Infelizmente, falar em crise na Argentina é chover no molhado. Laboratório de medidas extremas à esquerda e à direita, refém do populismo peronista e de ações neoliberais, prisioneiro dos falsos salvadores do Fundo Monetário Internacional (FMI), o país exibiu ao mundo, no domingo (14), mais uma vez, suas fraturas.
O peronismo sofreu uma tragédia eleitoral e, pela primeira vez desde o fim da últimas ditadura militar (1983), perdeu a maioria no Congresso. Uma tragédia anunciada, diga-se de passagem, já antevista nas PASO, as primárias de julho.
O governo perdeu em La Pampa e Chubut, províncias que eram sua aposta para reverter o mau resultado anterior. Recuperou-se na província de Buenos Aires (que exclui a capital), um de seus principais enclaves, mas sofreu uma dura derrota em Santa Cruz, a sulista região dos glaciares que deu origem a Néstor e Cristina Kirchner.
Aos números: no Senado, presidido por Cristina, o governo perdeu seis dos seus 15 assentos em jogo e passa a ter 35 em vez de 41 cadeiras. Já a oposição, representada pela coalizão Juntos pela Mudança, ganhou cinco lugares e passou a 31 (outros representantes têm seis lugares).
Na Câmara, dos 257 lugares, o governo perdeu dois dos 120 deputados, ficando com 118. A oposição passou de 115 para 116.
Vários fatores explicam a derrota da esquerda.
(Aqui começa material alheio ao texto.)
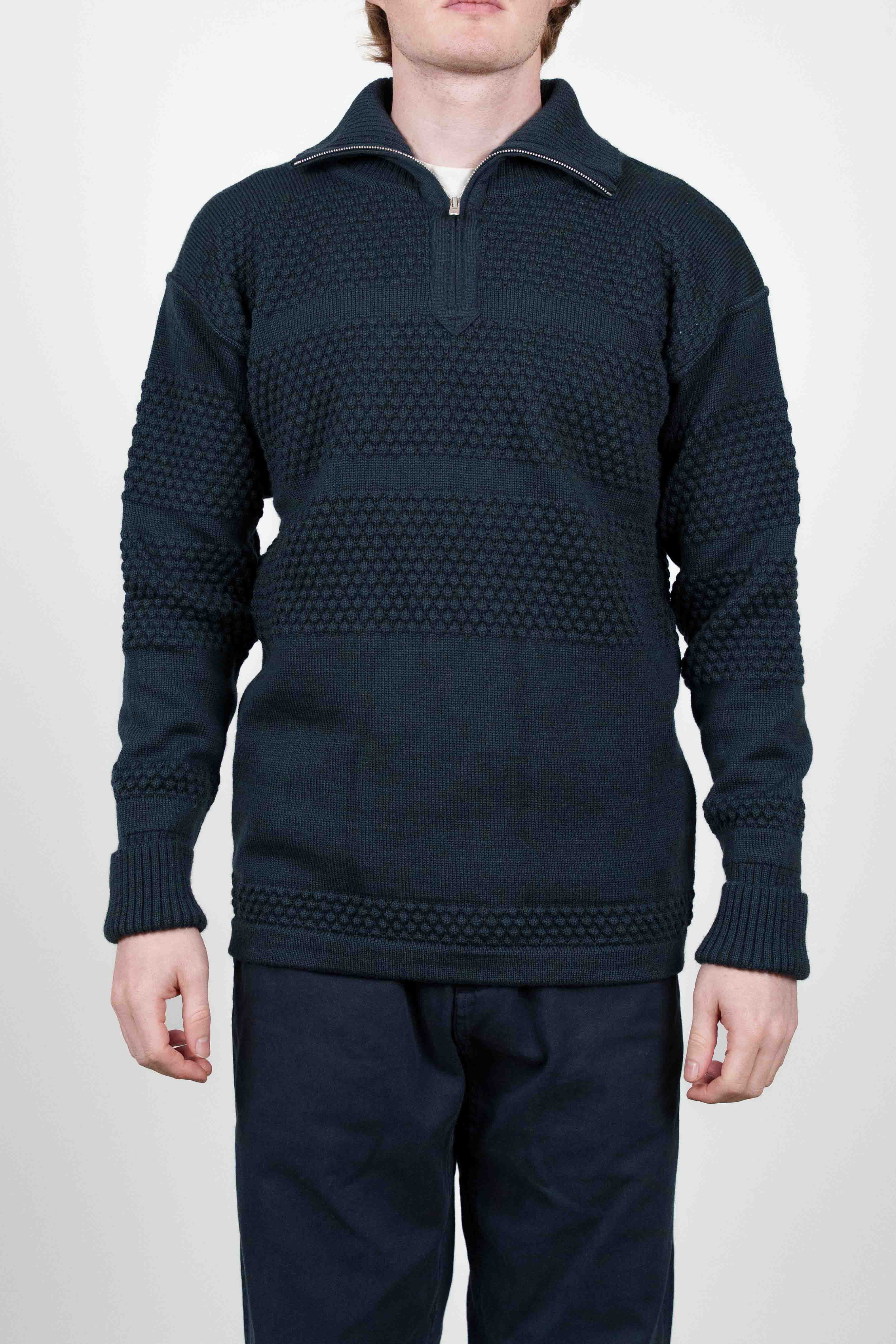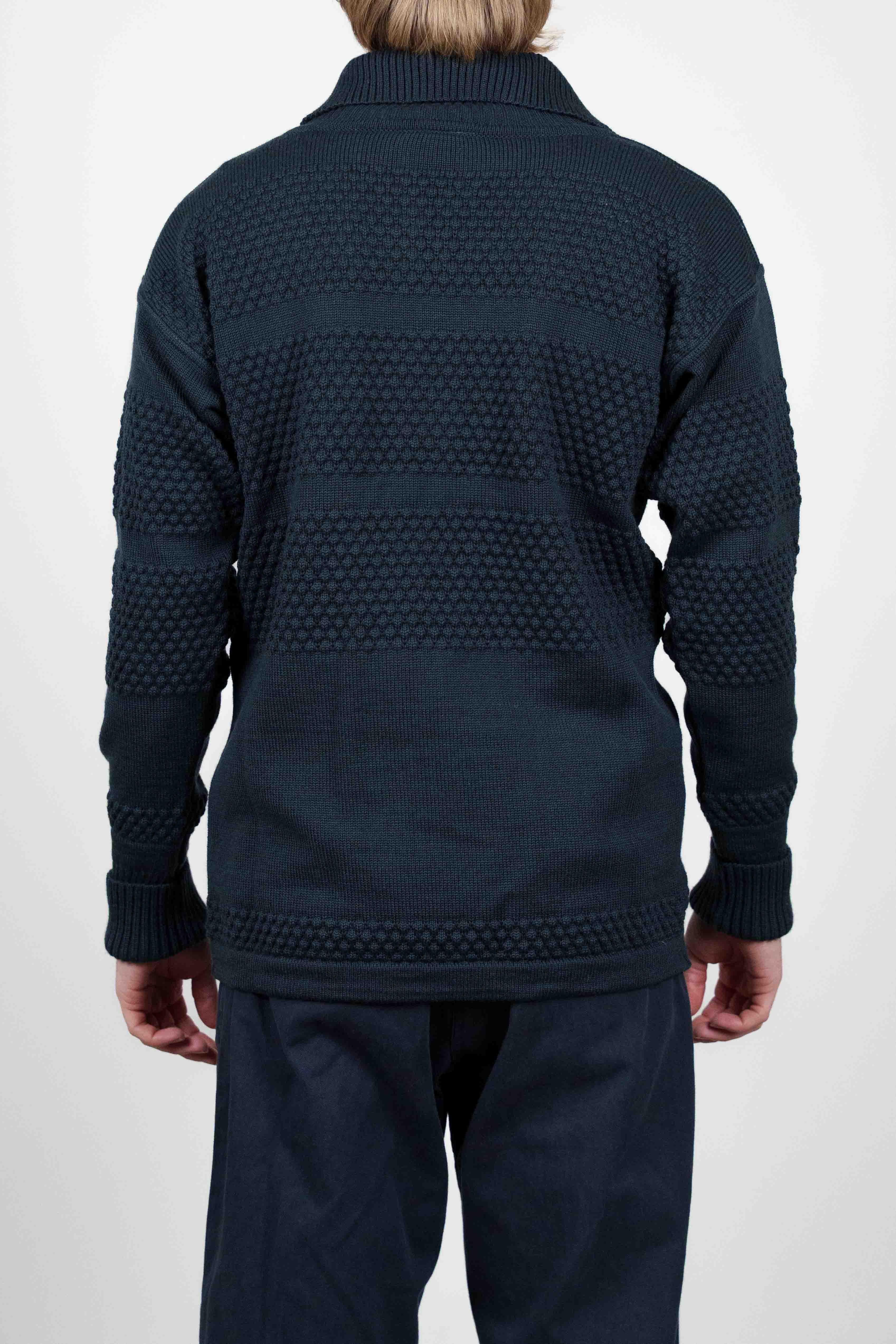 Den har et markant, tekstureret boblestrikmønster arrangeret i horisontale bånd på tværs af krop og ærmer, komplementeret af ribkanter ved manchetter og forneden. En varm og komfortabel strik, perfekt til de koldere måneder.

O primeiro é conjuntural: a pandemia, catástrofe que não tem poupado os maus gestores, de direita ou esquerda, nas eleições. O país contabiliza mais de 116 mil mortos pelo coronavírus. O país viveu, a certa altura, o maior lockdown do mundo - e, se no início havia aprovação popular com relação às medidas de restrição, aos poucos o confinamento foi revoltando os argentinos. As ações afetaram duramente a economia. Os voos comerciais ficaram interrompidos por mais de um ano, crianças não puderam ir à escola por mais de 400 dias. Enquanto vizinhos como Uruguai e Chile viam as vacinas chegarem, a Argentina demorou a receber seus lotes - teve problemas com a Pfizer, com a AstraZeneca e com a Sputnik V. Com relação à campanha, o governo peronista enfrentou dois reveses: um escândalo de vacinação VIP no Ministério da Saúde e uma festa, organizada por Fernández, em meio à pandemia.
O segundo aspecto tem a ver com o primeiro: a crise econômica aprofundada pela pandemia. A Argentina vem de sucessivas crises, mas o coronavírus arruinou ainda mais a vida dos mais pobres. A inflação acumulada entre janeiro e outubro é uma das mais altas do mundo: 41,8% e mais de 40% da população vive na pobreza. O Produto Interno Bruto (PIB) caiu 9,9% em 2020. O governo tem tentado falar grosso com o FMI, mas, caso não consiga renegociar suas dívidas, terá de entregar US$ 19 bilhões ao fundo em 2022 e a mesma quantia em 2023.
O terceiro aspecto é fruto da peculiar política argentina - de ânimos exaltados, bolas das costas e rivalidades. A própria aliança entre o presidente Alberto Fernández e a ex-presidente Cristina Kirchner, atual vice, foi de ocasião. Serviu para os peronistas tirarem a centro-direita da Casa Rosada, mas era improvável que durasse algum tipo de concordância entre perfis e histórias tão diferentes quanto essa. Cristina, muito mais popular do que Fernández, tem maior penetração nas massas. O kirchnerismo rivaliza hoje, como facção, com o próprio peronismo tradicional. E o vence em determinadas batalhas (Fernández e Cristina praticamente não se falam mais). Não seria exagero prever uma possível renúncia do presidente em favor da vice. Cristina é muito mais forte do que o presidente e, faz parte de seu plano, voltar ao poder. Essa disputa de poder interna, entretanto, não é bom para nenhum dos dois.
A guerra no governo deve implodir o projeto de reeleição da coalizão de centro-esquerda daqui dois anos e provavelmente irá pavimentar o caminho para o retorno da centro-direita ao poder.